At least, I wish to ask: How difficult
is it to emulate imperative style
while coding in 'pure' functional
language?
It depends on how hard you find Monads in Haskell. Personally, I find it quite difficult to grasp.
1) Good by what standard? What properties do you desire?
List sorting? Easy. Let's do Quicksort in Haskell:
sort [] = []
sort (x:xs) = sort (filter (< x) xs) ++ [x] ++ sort (filter (>= x) xs)
This code has the advantage of being extremely easy to understand. If the list is empty, it's sorted. Otherwise, call the first element x, find elements less than x and sort them, find elements greater than x and sort those. Then concatenate the sorted lists with x in the middle. Try making that look comprehensible in C++.
Of course, Mergesort is much faster for sorting linked lists, but the code is also 6 times longer.
2) It's extremely easy to implement imperative style while staying purely functional. The essence of imperative style is sequencing of actions. Actions are sequenced in a pure setting by using monads. The essence of monads is the binding function:
(Monad m) => (>>=) :: m a -> (a -> m b) -> m b
This function exists in C++, and it's called ;.
A sequence of actions in Haskell, for example, is written thusly:
putStrLn "What's your name?" >>=
const (getLine >>= \name -> putStrLn ("Hello, " ++ name))
Some syntax sugar is available to make this look more imperative (but note that this is the exact same code):
do {
putStrLn "What's your name?";
name <- getLine;
putStrLn ("Hello, " ++ name);
}
Nearly all functional programming languages have some construct to allow for imperative coding (like do in Haskell). There are many problem domains that can't be solved with "pure" functional programming. One of those is network protocols, for example where you need a series of commands in the right order. And such things don't lend themselves well to pure functional programming.

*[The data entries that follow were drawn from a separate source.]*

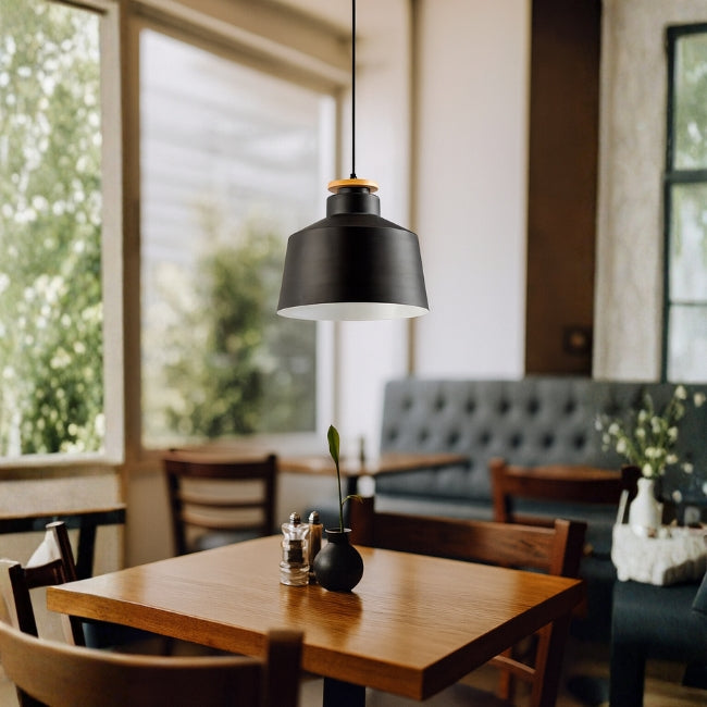La lámpara colgante Francesca Black and Wood de Ecolamps combina líneas simples con un estilo moderno e industrial. Su acabado negro mate con detalle superior en madera natural aporta equilibrio entre elegancia y calidez, ideal para realzar cualquier espacio con un toque contemporáneo. Incluye un foco LED de 12W en luz cálida que brinda una iluminación confortable y acogedora, perfecta para ambientes residenciales o comerciales.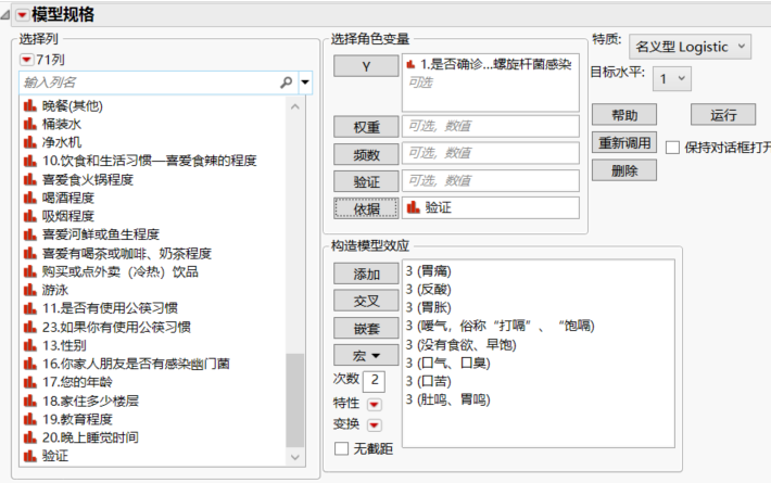 在JMP中依次點擊「分析」菜單→「擬合模型(Fit Model)」(圖2),在彈出的對話框中將是否感染幽門桿菌導入「Y」,將擬進行多因素分析的自變量導入「構造模型效應」框中。以生成驗證列為依據,進行驗證。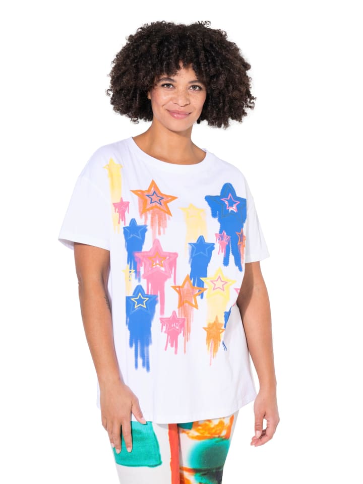 Футболка квадратной формы из мягкого трикотажа со звездным принтом. Круглый вырез, плечи внахлест, полурукавки.материал

I have to agree with Lothar, though, that list sorting and string matching are not really examples you need to solve imperatively. There are well-known algorithms for such things and they can be implemented efficiently in functional languages already.
I think that 'algorithms' (e.g. method bodies and basic data structures) are where functional programming is best. Assuming nothing completely IO/state-dependent, functional programming excels are authoring algorithms and data structures, often resulting in shorter/simpler/cleaner code than you'd get with an imperative solution. (Don't emulate imperative style, FP style is better for most of these kinds of tasks.)
You want imperative stuff sometimes to deal with IO or low-level performance, and you want OOP for partitioning the high-level design and architecture of a large program, but "in the small" where you write most of your code, FP is a win.
See also
How does functional programming affect the structure of your code?
It works pretty well the other way round emulating functional with imperative style.
Remember that the internal of an interpreter or VM ware so close to metal and performance critical that you should even consider going to assember level and count the the clock cycles for each instruction (like Smalltalk Dophin is just doing it and the results are impressive).
CPU's are imperative.
But there is no problem to do all the basic algorithm implementation - the one you mention are NOT low level - they are basics.
I don't know about list sorting, but you'd be hard pressed to bootstrapp a language without some kind of string matching in the compiler or runtime. So you need that routine to create the language. As there isn't a great deal of point writing the same code twice, when you create the library for matching strings within the language, you call the code written earlier. The degree to which this happens in successive releases will depend on how self hosting the language is, but unless that's a strong design goal there won't be any reason to change it.